孫子の兵法から「勝つための原則」

正しい勝負を選んでいるほうが勝つ

 正しい勝負とは、どんな新しいことを始めるかです。

 新しいことは、自分の内側から湧き出るモチベーションがあるかどうかです。不毛なことであったり、自分の価値観と合わないことは、正しい勝負とは言えません。また、成功確率が限りなく低いことも、手を出すべきではないでしょう。

 孫子が説くのは勝てる戦いを選ぶことです。

常に準備をしているほうが勝つ

 孫子は、己を知り、敵を知ることの重要性を指摘しました。
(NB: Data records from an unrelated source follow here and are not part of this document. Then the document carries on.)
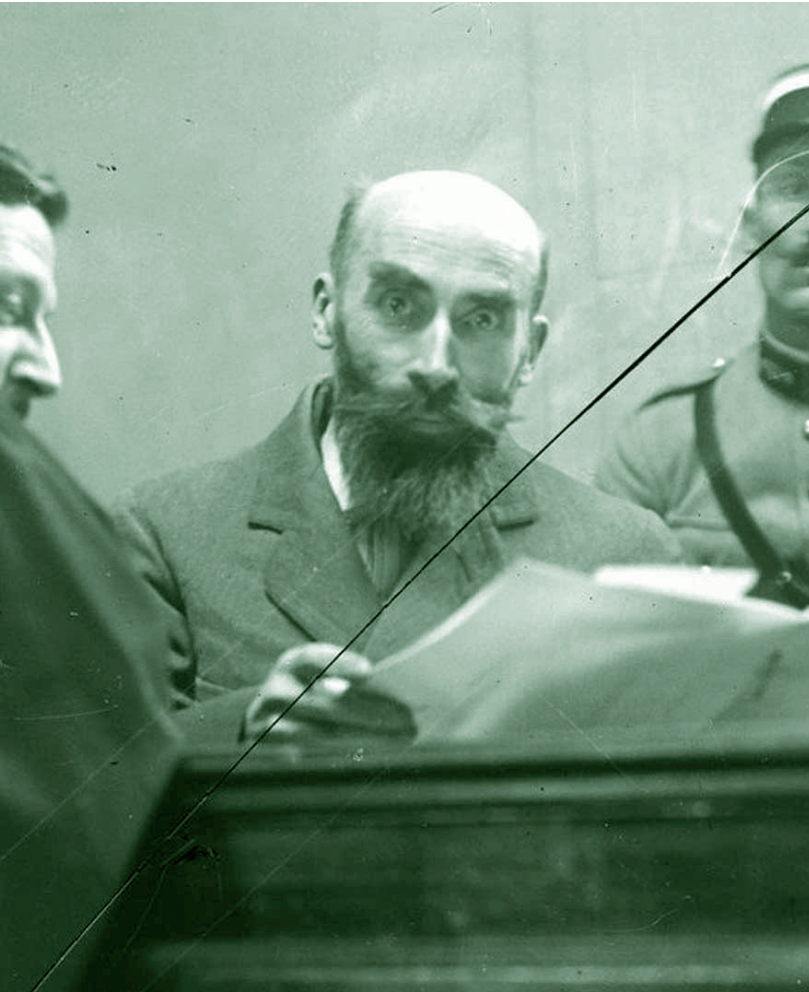
O assassino francês “Barba Azul” e prováveis vítimas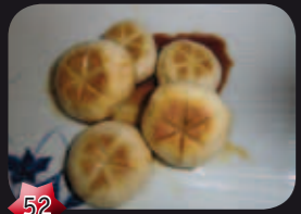
52 Kinoko Champignons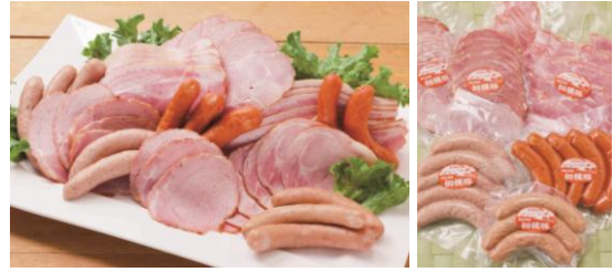
【相模豚ハム・ウィンナーセット】 一箱 5,000円（税・送料込） ベーコンスライス250g、ロースハム・モモハム各100g、 チョリソー5本、しそ入りウィンナー5本、ガーリックウィンナー3本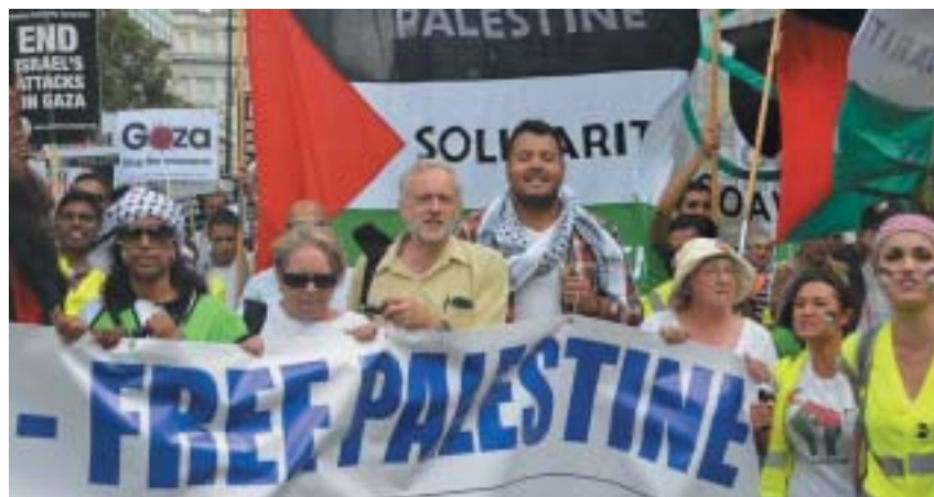
Jeremy Corbyn při jedné z protizraelských demonstrací.

Po Corbynově zvolení se britští Židé, liberální demokraté, ale i řada samotných členů Labour Party zděsili – Corbyn se mezi zasvěcenými rozhodně netěšil pověstí seriózního a zodpovědného politika, spíše poněkud výstředního rebela. Narodil se roku 1949, nedokončil univerzitní studia, v 17 letech vstoupil do Labour Party, která se stala jeho životem i živobytím. V roce 1974 byl zvolen zastupitelem v londýnském obvodu Haringey, kde zasedal až do roku 1983, kdy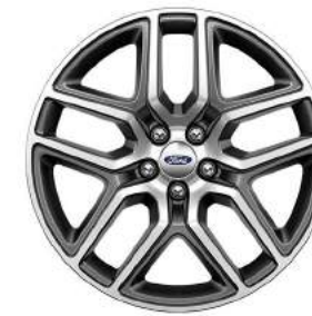
Sport 4WD Rines de Aluminio de 20 Pulgadas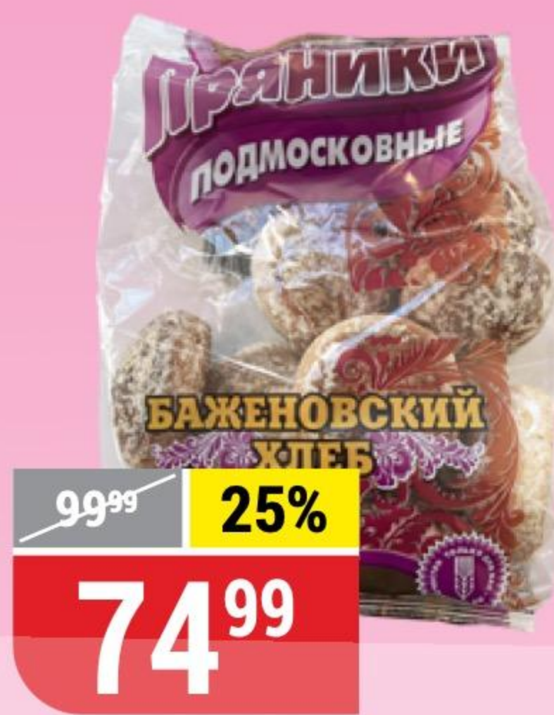
ПРЯНИКИ ПОДМОСКОВНЫЕ Баженовский Хлеб, 500 г 180256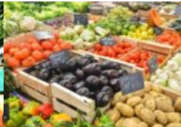
Vielfalt macht uns alle reicher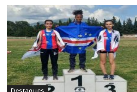
Cabo Verde é Ouro nos Jogos das Ilhas em Córsega, França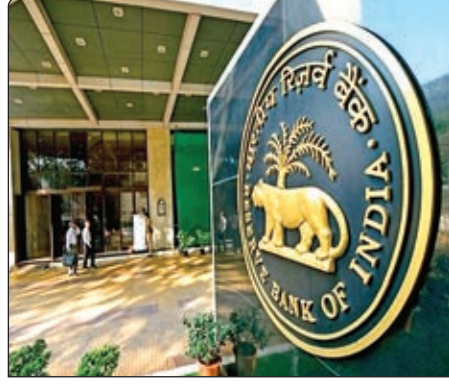
एमआरए मार्ग पुलिस स्टेशन ने मामला दर्ज करके छानबीन शुरू कर दी है। मुंबई

मुंबई। मुंबई स्थित भारतीय रिजर्व बैंक (आरबीआइ), एचडीएफसी और आईसीआईसीआई समेत कई बैंकों को बम से उड़ाने की धमकी दी गयी है। इमेल के जरिये दी गयी धमकी में कहा गया है कि आरबीआइ गवर्नर शक्तिकांत दास और वित्त मंत्री निर्मला सीतारमण अपने पद से इस्तीफा दे दें। धमकी भरे इमेल में कहा गया है कि 11 जगहों पर बम लगाये गये हैं। धमकी मिलने के बाद पुलिस ने तलाशी अभियान चलाया, हालांकि कहीं से कोई संदिग्ध सामग्री नहीं मिली है।

敵を知るとは、新しく始めることを事前にどれだけ調べているかです。

 始めるにあたって、何が必要なのか、成功するためのポイントは何か、どういう失敗の可能性があるか、何に気をつければよいかです。自分にとっては新しく始めることでも、すでに他の人がやっているのであれば、先人の知恵を知ることは教訓になります。

 何も知らないで新しいことを始めるよりも、事前に準備をして敵を知っておけば、勝つ確率、つまり、新しいことに成功する可能性は高まります。

始め方に工夫をするほうが勝つ

 始め方とは新しいことをどのように始めるかです。

 いきなり大きなリスクは取らずに、小さく始めるとよいのです。小さな PDCA をまわし、想定通りにいくことは何か、想定外は何かを見極めます。やってみて、うまくいくことと機能しなかったことから学び、次の PDCA につなげます。

 始めるにあたって、代替案を持っておくことも大事です。もしうまくいかなかった場合に、最初の計画や想定に固執するよりも代替案に舵を切る判断も必要です。

味方をしてくれる人が多いほうが勝つ

 味方とは、新しいことを始める自分に協力してくれる人、一緒にやってくれる人、応援してくれる人です。

 自分一人で始めるよりも、誰かと一緒に、または何か困った時に助けてくれる仲間がいれば、新しいことへの挑戦に勝つ確率が高まります。

優れた軍師がいるほうが勝つ

 優れた軍師とは、自分にアドバイスをしてくれる人、メンターや専門家です。

 わからないことや問題が起きた時など何かあった時に、誰に聞けばいいかの ノウハウ の引き出しをどれだけ持っているかです。

 アドバイスから最終的に判断するのは自分自身です。軍師のような専門知識を持ち、信頼できる人からの助言は、最初から最後まで自分だけで進めるよりも勝つ確率が高まります。